III. Objectors also claim there was not sufficient evidence upon which the trial court could determine the amount of the award.
"Courts have recognized a distinction between proof of the fact that damages have been sustained and proof of the amount of those damages. If it is speculative and uncertain whether damages have been sustained, recovery is denied. If the uncertainty lies only in the amount of damages, recovery may be had if there is proof of a reasonable basis from which the amount can be inferred or approximated. (Citations)" Orkin Exterminating Co., Inc. v. Burnett (Iowa, 1968), 160 N.W.2d 427, 430; Nicholson v. City of Des Moines (1954), 246 Iowa 318, 327, 67 N.W.2d 533, 538; 22 Am.Jur.2d 44, Damages, § 25.
The evidence here provided a reasonable basis from which the trier of fact could determine the reasonable value of the services rendered decedent by claimant.
IV. Objectors argue that the claim for wages more than two years prior to the death of decedent is barred by section 614.1 of the statute of limitations, which provides:
"Actions may be brought within the times herein limited, respectively, after their causes accrue, and not afterwards, except when otherwise specially declared:
"* * *
"8. Wages. Those founded on claims for wages or for a liability or penalty for failure to pay wages, within two years."

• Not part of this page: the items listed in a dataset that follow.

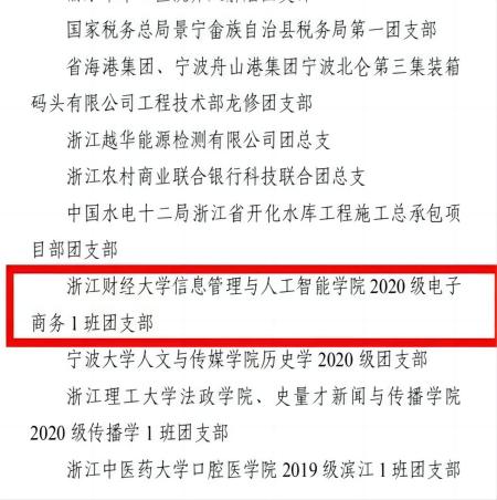 2020级电子商务1班团支部凭借优异表现,被评为2023年浙江省“成绩突出团支部”。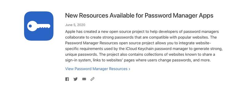 所謂的“密碼管理器資源”計(jì)劃是Apple的幾個(gè)開源項(xiàng)目之一,該計(jì)劃允許密碼管理器應(yīng)用程序?qū)Cloud Keychain密碼管理器使用的網(wǎng)站的特定要求集成到自己的應(yīng)用程序中。Apple的目標(biāo)是允許加密應(yīng)用程序開發(fā)人員在開發(fā)資源上進(jìn)行協(xié)作,以提高質(zhì)量,記錄特定于站點(diǎn)的行為并提高用戶信任度。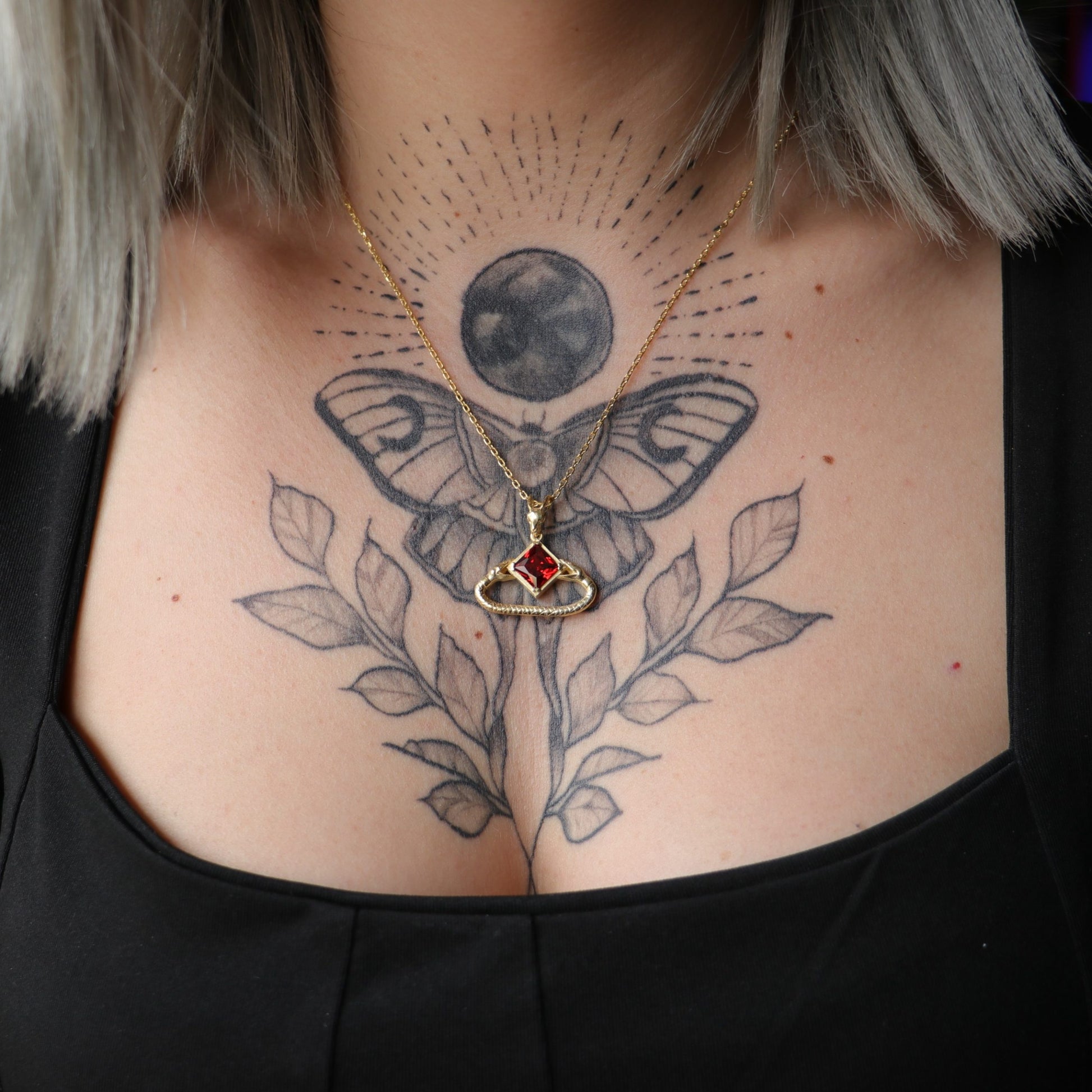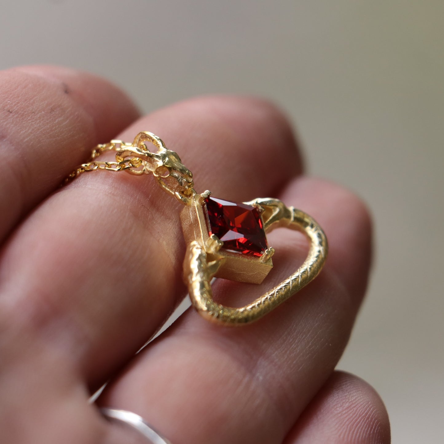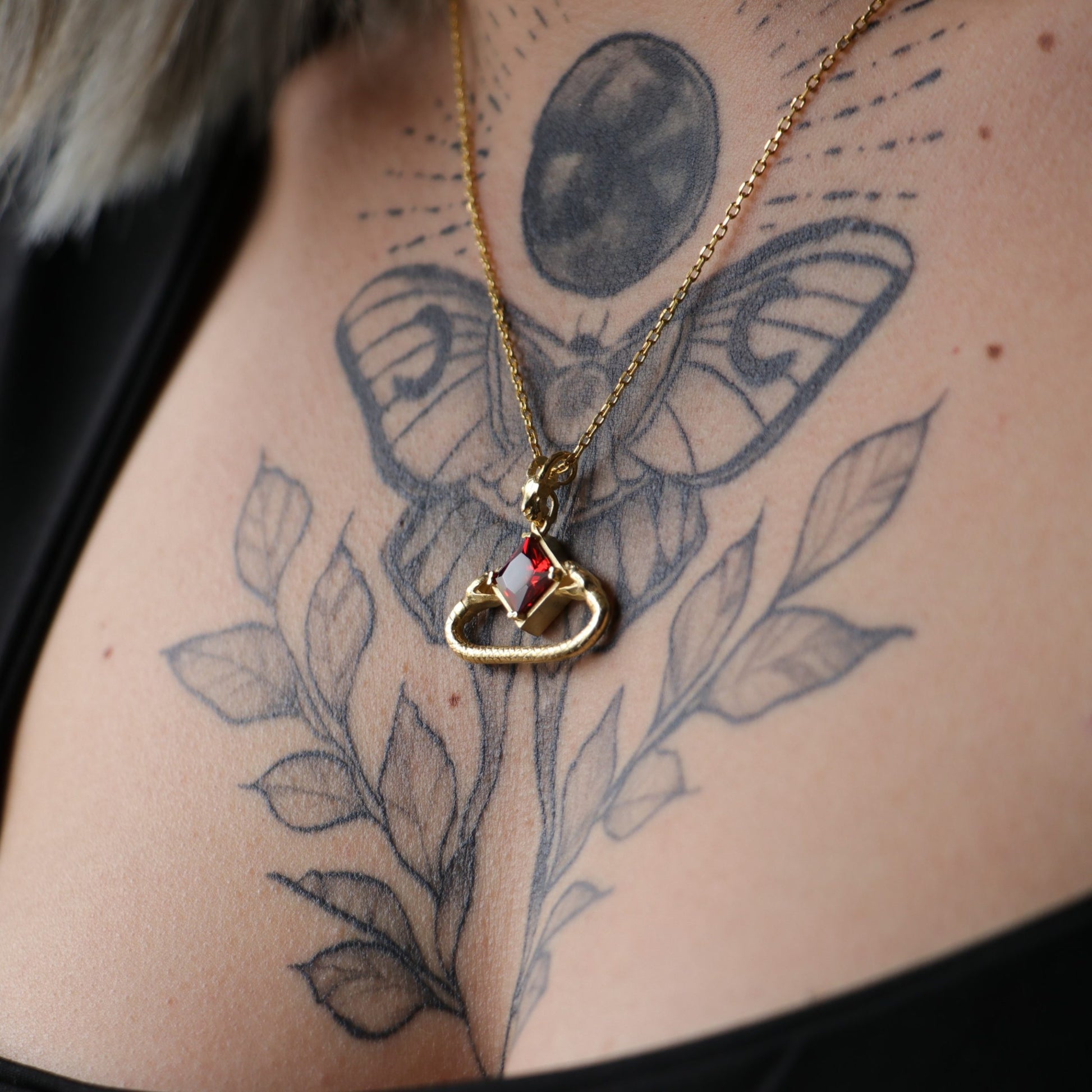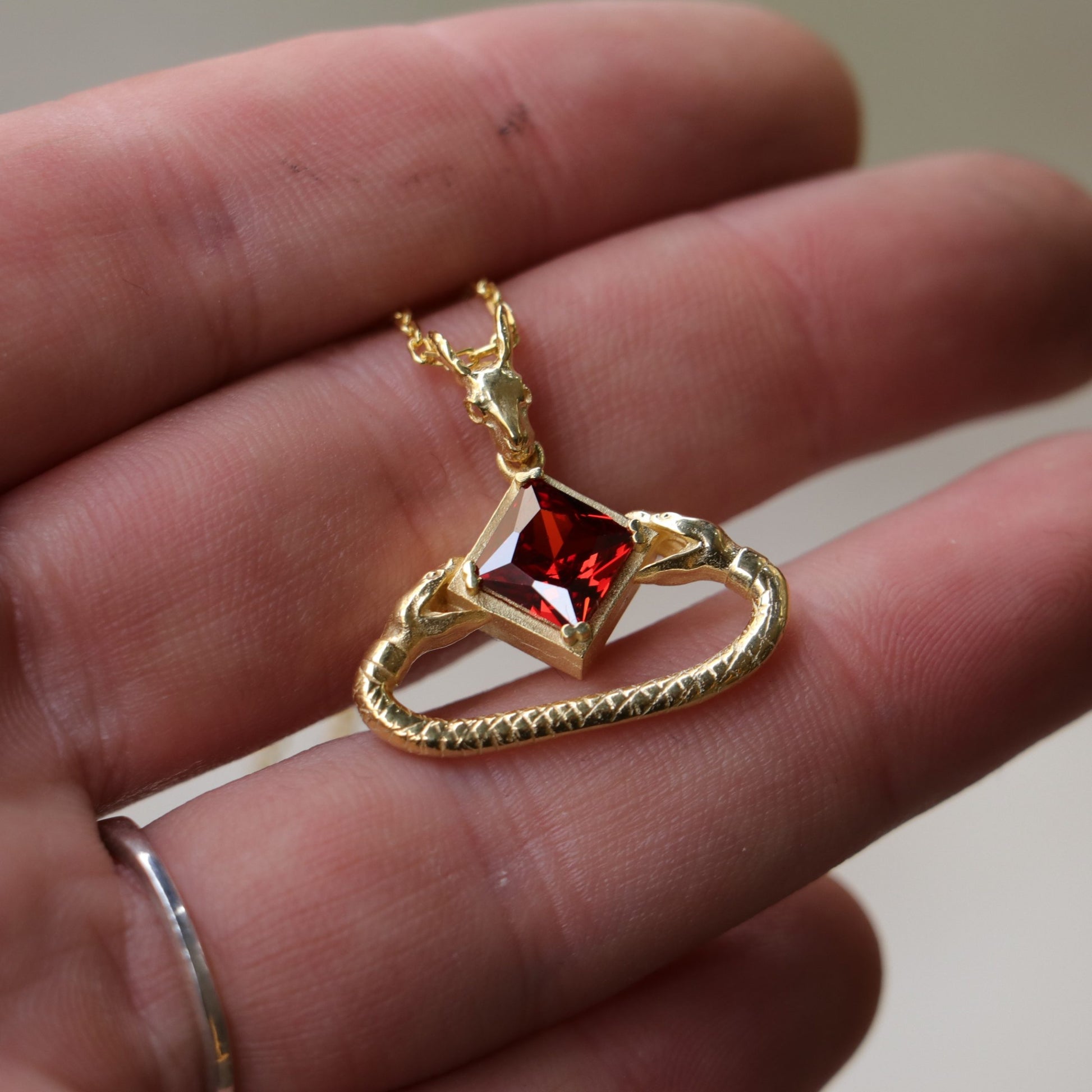 Handmade Custom Buffalo and Snake Princess Garnet Gold Plated Necklace

We agree with appellants that this section is applicable to the claim made here in that it is clearly a claim for wages. However, the present litigation was commenced within two years of the termination of the services so the statute does not act to bar any part of the claim even though the claim was for services performed over a three year period. The services were part of a "continuous account". There was no break in the rendition of these services which would cause the statutory time to begin to run. Soderland v. Graeber (1921), 190 Iowa 765, 776, 180 N.W. 745, 749-750, and cases cited therein.
As we find no error, the trial court is affirmed.
All Justices concur, except REYNOLDSON, J., who takes no part.